[Records for this task Boundary: Start]

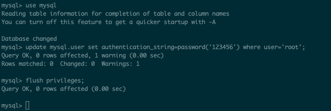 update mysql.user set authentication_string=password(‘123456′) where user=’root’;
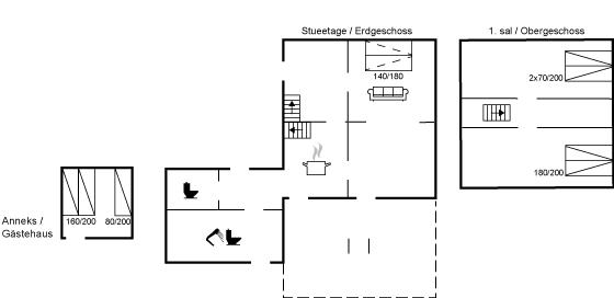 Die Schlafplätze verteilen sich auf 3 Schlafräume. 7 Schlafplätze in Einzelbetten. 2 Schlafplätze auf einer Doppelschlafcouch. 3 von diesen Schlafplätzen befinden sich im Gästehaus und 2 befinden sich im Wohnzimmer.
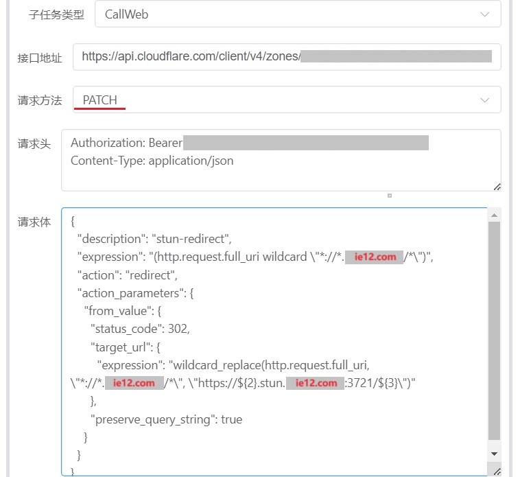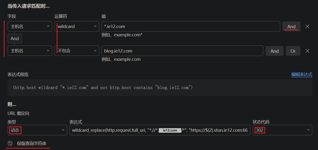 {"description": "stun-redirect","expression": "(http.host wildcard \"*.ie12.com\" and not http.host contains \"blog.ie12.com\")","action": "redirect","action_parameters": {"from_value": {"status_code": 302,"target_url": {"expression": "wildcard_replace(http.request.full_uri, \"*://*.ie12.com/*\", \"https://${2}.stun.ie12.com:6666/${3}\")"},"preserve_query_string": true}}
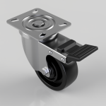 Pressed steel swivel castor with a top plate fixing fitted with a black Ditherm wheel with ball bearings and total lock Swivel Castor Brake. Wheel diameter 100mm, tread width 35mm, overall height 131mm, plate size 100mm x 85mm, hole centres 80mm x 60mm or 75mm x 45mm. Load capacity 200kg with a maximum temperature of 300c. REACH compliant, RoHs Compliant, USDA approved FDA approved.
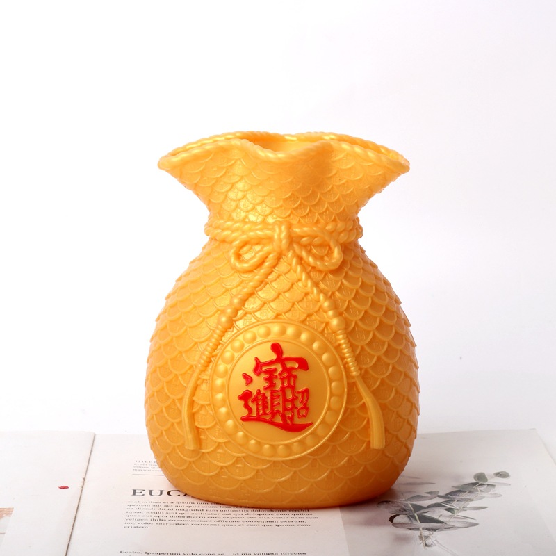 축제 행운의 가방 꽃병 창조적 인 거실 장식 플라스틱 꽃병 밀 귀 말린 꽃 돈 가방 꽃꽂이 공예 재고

[Records for this task Boundary: End]

▶ _Task goal_: Give the records above again in full and exactly, but exclude every picture.

▶ _Reply_:
 update mysql.user set authentication_string=password(‘123456′) where user=’root’;
 Die Schlafplätze verteilen sich auf 3 Schlafräume. 7 Schlafplätze in Einzelbetten. 2 Schlafplätze auf einer Doppelschlafcouch. 3 von diesen Schlafplätzen befinden sich im Gästehaus und 2 befinden sich im Wohnzimmer.
 {"description": "stun-redirect","expression": "(http.host wildcard \"*.ie12.com\" and not http.host contains \"blog.ie12.com\")","action": "redirect","action_parameters": {"from_value": {"status_code": 302,"target_url": {"expression": "wildcard_replace(http.request.full_uri, \"*://*.ie12.com/*\", \"https://${2}.stun.ie12.com:6666/${3}\")"},"preserve_query_string": true}}
 Pressed steel swivel castor with a top plate fixing fitted with a black Ditherm wheel with ball bearings and total lock Swivel Castor Brake. Wheel diameter 100mm, tread width 35mm, overall height 131mm, plate size 100mm x 85mm, hole centres 80mm x 60mm or 75mm x 45mm. Load capacity 200kg with a maximum temperature of 300c. REACH compliant, RoHs Compliant, USDA approved FDA approved.
 축제 행운의 가방 꽃병 창조적 인 거실 장식 플라스틱 꽃병 밀 귀 말린 꽃 돈 가방 꽃꽂이 공예 재고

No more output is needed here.